Monday, September 14, 2020

BEDROOM STEWARDESSES (1978) **


As with Nurses for Sale, Sam Sherman and Al Adamson took a Rolf Olsen/Curd Jurgens movie (in this case, The Doctor of St. Pauli), re-edited it, added new footage, and released it in America under a different title  Unfortunately, their version of the film did not end up on the Al Adamson boxset.  Instead, the Adamson-lensed additions were included as a bonus feature.  I was kind of disappointed by this, since the whole point of buying this boxset was to watch every single Al Adamson movie in existence.  

On the bright side, I found The Doctor of St. Pauli on YouTube and was able to do a double feature of that and the Adamson footage from Bedroom Stewardesses.  The Olsen movie is heavily mired with subplots, so I imagine Sherman and Adamson cut a bunch of stuff out to make room for their new scenes.  After seeing both Olsen’s film and Adamson’s additions, I can kind of piece together in my head what the finished product would look like without too much trouble.  (There are many characters who don’t appear on the 1978 version’s IMDb page, so it’s safe to assume they were left on the cutting room floor.) 

The original version is about a kindly doctor named Jan (Jurgens) who treats the poor and downtrodden.  Meanwhile his brother Klaus (Horst Naumann) is a rich, arrogant gynecologist who is up to his eyeballs in gambling debts.  A woman named Margot (Christiane Rucker) holds parties where women are drugged, forced into sex, and then blackmailed.  Among Margot’s blackmail victims is Klaus’ wife.  When he tries to retrieve the negative, a rash of problems, including everything from malpractice to murder occur.   

Adamson’s scenes (which amount to about eighteen minutes) revolve around a stewardess (Jackie Giroux) who is all excited about going to Europe and being invited to Margot’s party.  Once there, she meets a seemingly distinguished party guest (played by Adamson regular, Geoffrey Land) and they instantly hit it off.  Sadly, for her, he’s a perv who roofies her drink and takes advantage of her when she’s passed out. 
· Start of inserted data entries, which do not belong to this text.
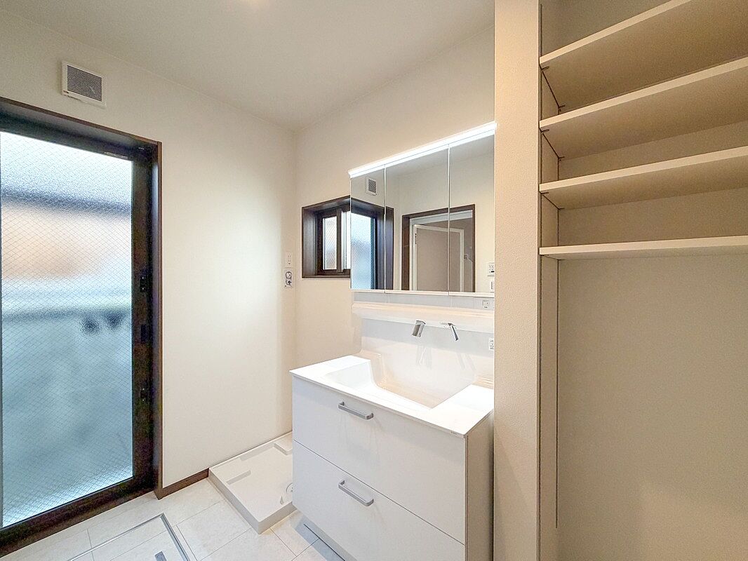・洗面室はゆとりを持たせ収納スペースも完備
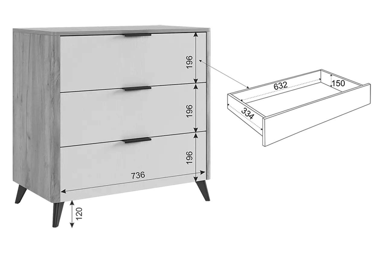 Состоит из: 3-х ящиков.
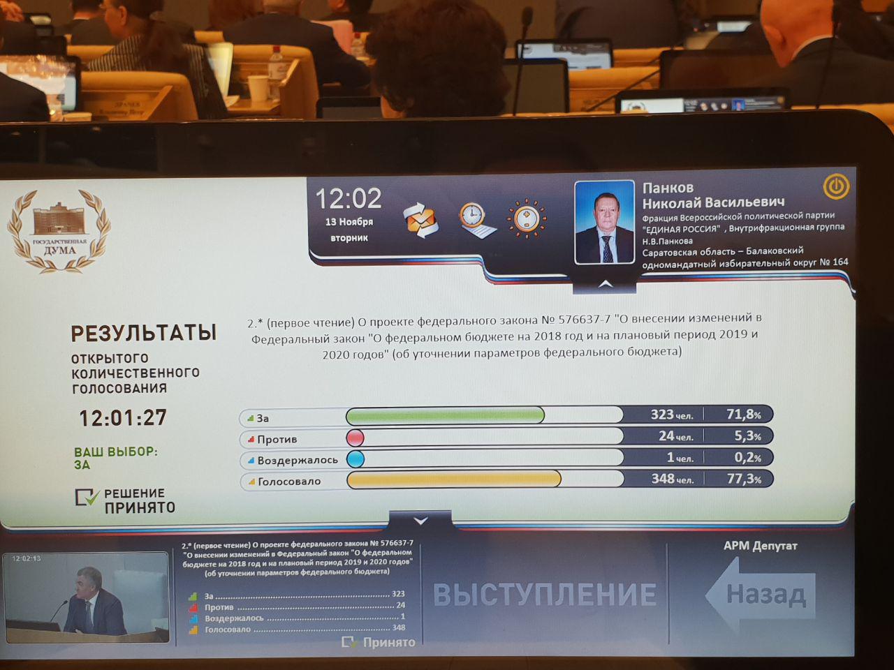 Государственная Дума приняла сегодня в первом чтении поправки в федеральный бюджет. Об этом рассказал депутат Госдумы Николай Панков в своем телеграм-канале «Пара слов».
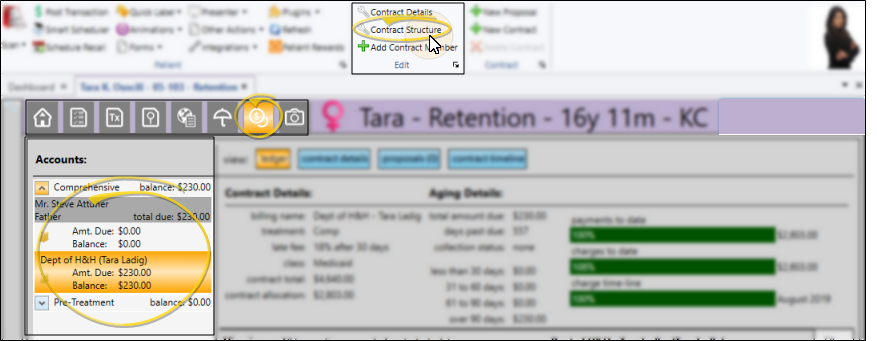 Open the patient's Finance page. Choose the contract to work with at the left of the window, then select Contract Structure from the Edit section of the Patent ribbon bar.

Presumably, we wouldn’t have seen her character again until the very end of the movie when she returns home.  It’s here where her roommate (played by another Adamson regular, Sherri Coyle) picks her up at the airport and asks her how everything went, and she essentially says, “Don’t ask”.  Well, if we’ve learned anything from Adamson’s ‘70s output, it’s that his films aren’t exactly woke.

The Doctor of St. Pauli has way too many characters and subplots that get in the way of the sleaze.  Seeing how Nurses for Sale was only sixty-six minutes (about ten or so of which was Adamson’s footage), I’m sure Adamson would’ve cut the film down considerably.  Since I don’t have access to the Adamson directed 1978 version of Bedroom Stewardesses, I can’t say for sure, but judging from all the footage available, I’d guess they kept all the sex party plotlines and cut out a lot of the subplot involving Jurgens’ brother. 
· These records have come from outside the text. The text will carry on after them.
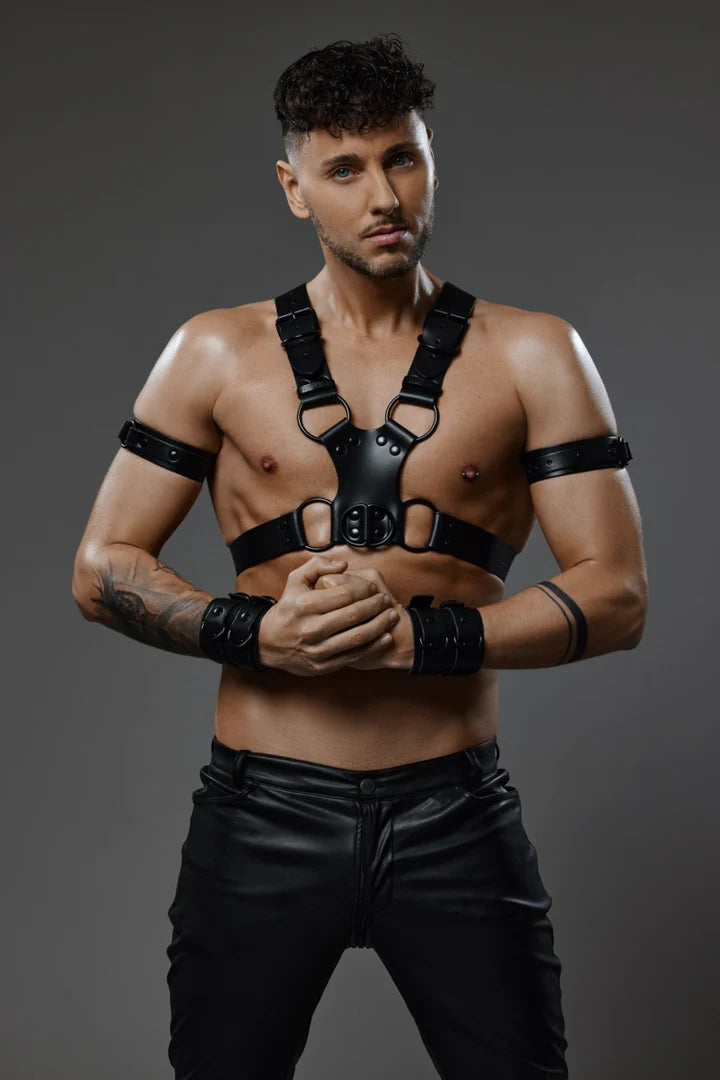Echtleder Harness mit extra breiten Lederriemen. Kompromisslose Männlichkeit und elektrisierende Sinnlichkeit vereint.  Eine wilde Verschmelzung von hochwertigem Rindsleder, und Schwarz auf Schwarzer Hardware.
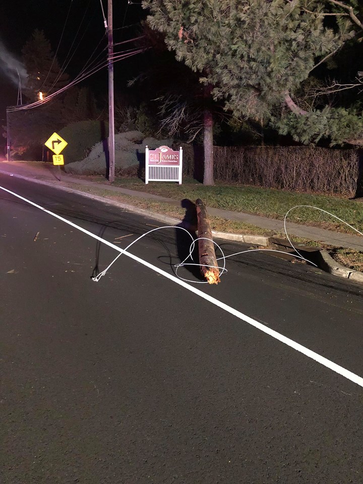 2048 hours. The St. James Fire Department responds to a traffic collision on Moriches Road between Von Hagen Ave and Fairfield Drive. Units arrive to find that vehicle struck a tree and a utility pole, brining down the wires. The operator of the vehicle self-extricated and was transported via ambulance to the hospital with minor injuries. Power was out in the area for a few hours while PSE&G replaced the pole and restored the circuits. Chiefs Mills and Gonzales operated with engines 1, 3 Rescue 9 and ambulance 61. Photos courtesy of St. James FD.
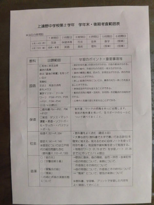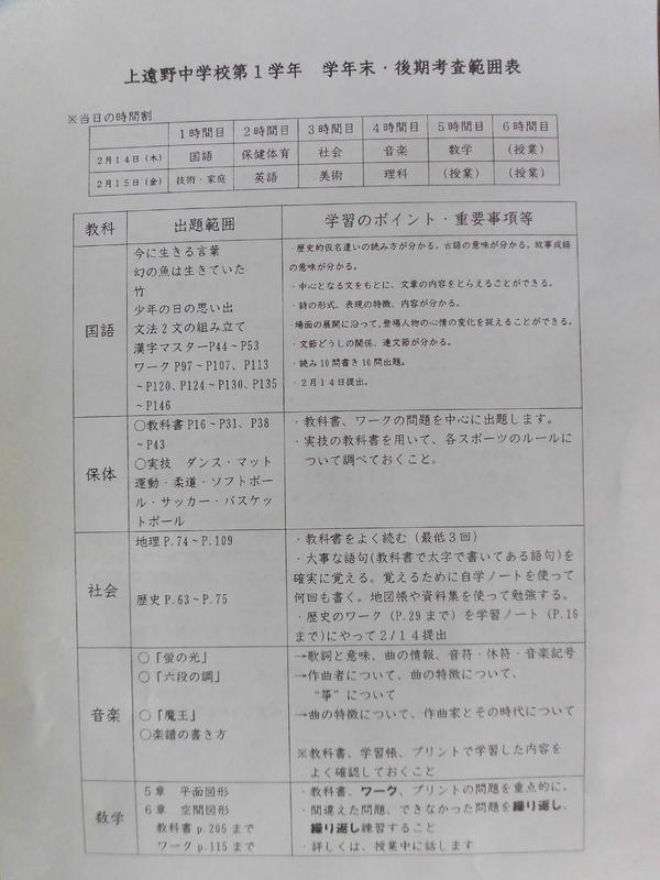 1,2学年の学年末テスト(国、数、英、理、社)、後期テスト(音、美、保体、技・家)は2月14日(木)15日(金)に行われます。
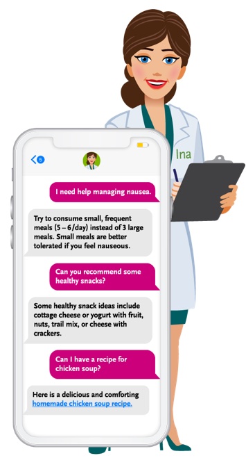- You can text Ina® any time to get tips to manage your side effects, recipes, recommended foods to eat or avoid, and other tips.
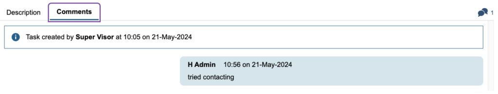 Tasks can be updated with comments, which triggers a notification to update all involved with the tasks progress.
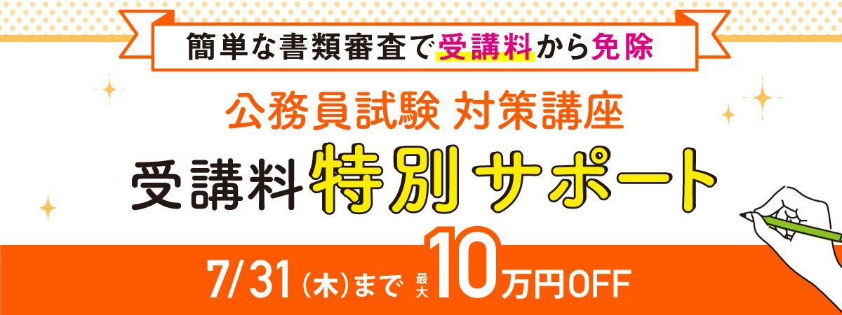 公務員試験キャンペーン 受講料サポート制度 公務員になりたいと思ったきっかけや将来の夢について、あなたのお考えをお聞かせください!あなたの目標達成に向けて、対象講座の受講料の一部を伊藤塾がサポートします。<最大8万円OFF> 詳しく見る 転職応援キャンペーン 働きながら公務員を目指す方を応援します。対象の講座が20%OFF! 詳しく見る 公務員試験対策 他校再受講割引制度 他の受験指導校や大学内で実施される有料の公務員試験講座を受講されてきた方が、伊藤塾の対象講座をご受講の場合に受講料を割引させていただく制度です。 詳しく見る 「司法試験」から「公務員試験」へ 司法試験入門講座受講生の公務員試験への進路変更はよくあること。公務員試験に照準を絞った講座で合格・内定を目指したい方へ、特別割引をご用意しています。 詳しく見る 試験科共通 再受講割引制度 「伊藤塾でもう一度学習し直し、合格を目指したい!」 過去に伊藤塾で講座を受講されたことのある方は、一般受講料から割引いたします。<最大40%OFF> 詳しく見る 友人紹介~Amazonギフト券プレゼント~ ご友人を紹介していただくと、「紹介者」「申込者」それぞれに最大1万円分(期間限定)のAmazonギフト券をプレゼント!まだ塾生でない方同士でのお申し込みの場合にもご利用可能です。 詳しく見る

Either way, neither footage contains anything particularly explicit or hot, but there’s just enough of titillation to keep you watching.  We get a nude Bobby and Cissy routine, topless boating, and a funny scene where a topless combo plays in a nightclub.  However, whenever the depressing drama takes center stage away from the T & A, the doldrums set in almost immediately.
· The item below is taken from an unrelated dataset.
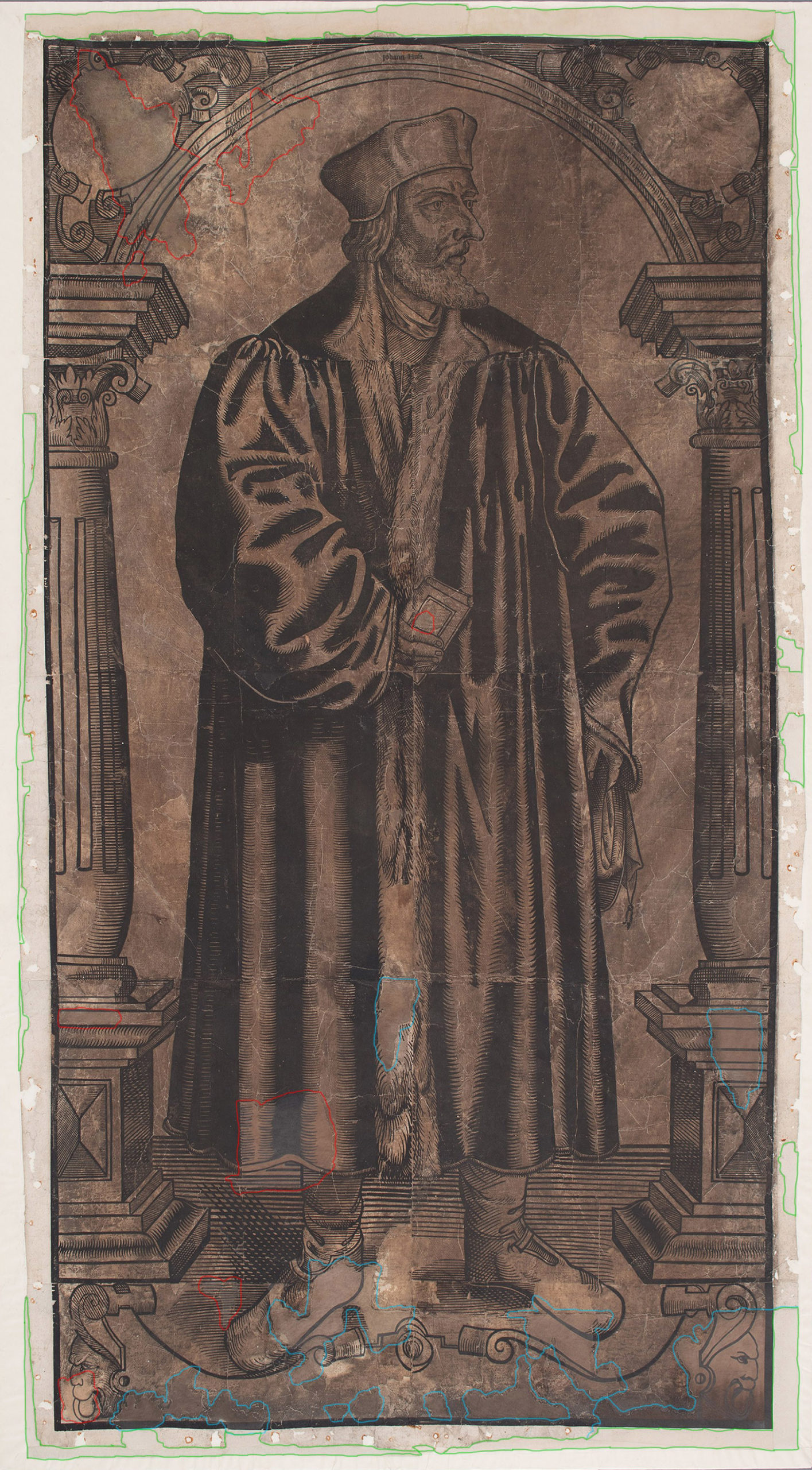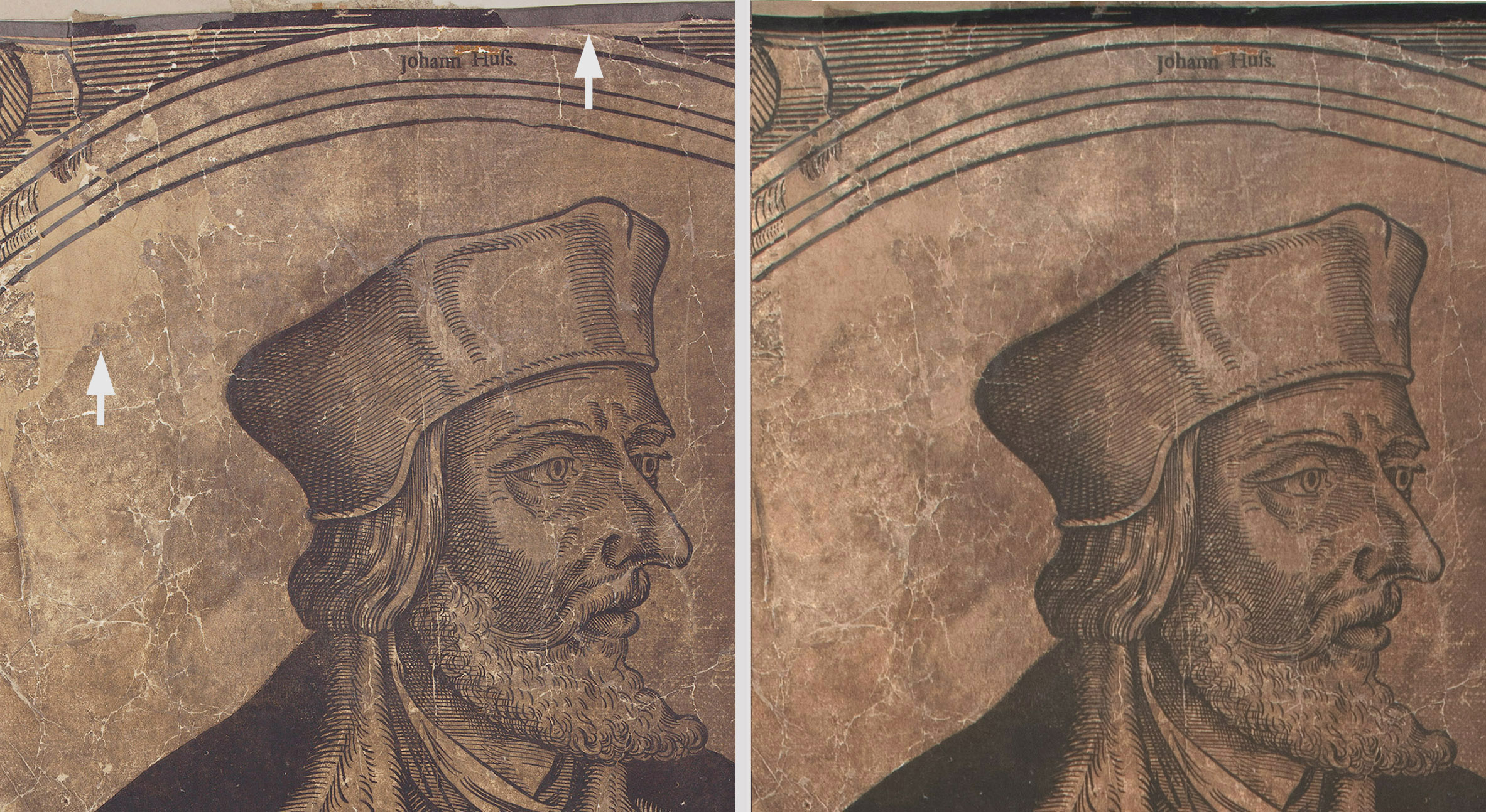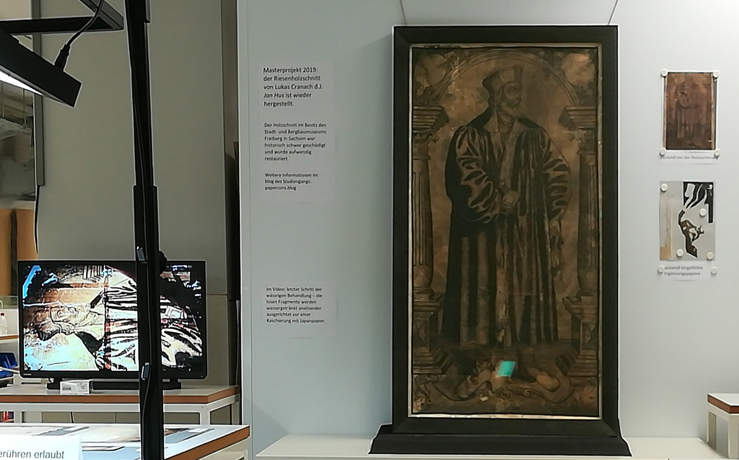 Der Beitrag ist in Zusammenarbeit mit Leonie Müller entstanden in Zusammenhang mit ihrer Masterarbeit, „Restaurierung eines Riesenholzschnitts Jan Hus aus der Werkstatt von Lukas Cranach im Besitz des Stadt- und Bergbaumuseums Freiberg“, Staatliche Akademie Stuttgart, 2019.

AKA:  The Doctor of St. Pauli.  AKA:  Orgy Blackmailer.  AKA:  Street of Sin.  AKA:  The Bedroom.

1 comment:

  1. Another AKA: Females for Hire.

    I disagree with some of your plot description. In the original (Der Arzt von St. Pauli) Margot does not hold the parties, she is simply one of the party girls who decides with her boyfriend do so some freelance blackmailing. The party is hosted by Siegfried (Friedrich Schütter), who is in league with Klaus. Klaus is an abortionist, and the woman he drugs and rapes at the party is not Klaus' wife, but rather a woman who had come to Klaus seeking an abortion. There was a botched abortion scene in the film, but it seems likely the entire abortion subplot was cut from Bedroom Stewardesses. There are five pages analyzing the original film in the book "Celluloid Revolt: German Screen Cultures and the Long 1968".